Она целует меня в щеку и уходит. Я заказываю еще кофе, чтобы скоротать время. Периоды безделья хуже всего. Они предоставляют мне слишком много времени для раздумий. И тогда хаотичные мысли скачут у меня в голове, как шарики для пинг-понга в коробке. Джулиана беременна. Нам нужна будет ограда внизу лестницы. Этим летом Чарли хочет поехать в лагерь. Как были связаны между собой Бобби и Кэтрин?
Еще один фургон, но уже не белый. Водитель опускает на мостовую перед кафе пачку бумаг. Заголовок на первой странице гласит: «Объявлено вознаграждение за поимку убийцы Кэтрин Макбрайд».
По сторонам стола Мел сложены кипы дел. Ее компьютер украшен стикерами, вырезками из газет и картинками. На одной из них изображен вооруженный грабитель, угрожающий ружьем и говорящий: «Кошелек или жизнь!» Жертва отвечает: «У меня нет ни того ни другого. Я социальный работник».

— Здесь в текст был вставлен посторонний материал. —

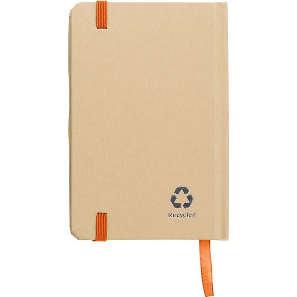Notatnik A6 (160 kartek w linie), twarda okładka, wykonany z papieru kraftowego z recyklingu, tasiemka zakładkowa i elastyczna opaska do zamykania
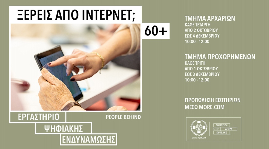 Προωθώντας την ψηφιακή εκπαίδευση και ενσωμάτωση για όλους, η Δημοτική Αγορά Κυψέλης παρουσιάζει από τον Οκτώβριο έως τον Δεκέμβριο τον νέο κύκλο του workshop «Ξέρεις από ίντερνετ;» για άτομα ηλικίας άνω των 60 ετών, σε συνεργασία με τον μη κερδοσκοπικό οργανισμό People Behind.

Мы находимся на четвертом этаже отдела социальной службы. Большинство кабинетов закрыты на выходные. Окна Мел выходят на недостроенный склад полуфабрикатов. У меня есть час, пока она не вернется из магазина. Она раздобыла для меня три папки, перевязанные красной лентой.
Я знаю, что там найду. Первое правило работы с человеческими душами заключается в том, чтобы все фиксировать. Этим занимаются социальные службы. Вмешиваясь в жизни людей, они тщательно записывают каждое решение. В папках – протоколы бесед, семейная история, заключения психиатров и медицинские заметки. Малейшие подробности каждого совещания по делу и встречи для выработки стратегии, а также копии полицейских донесений и протоколы судебных слушаний.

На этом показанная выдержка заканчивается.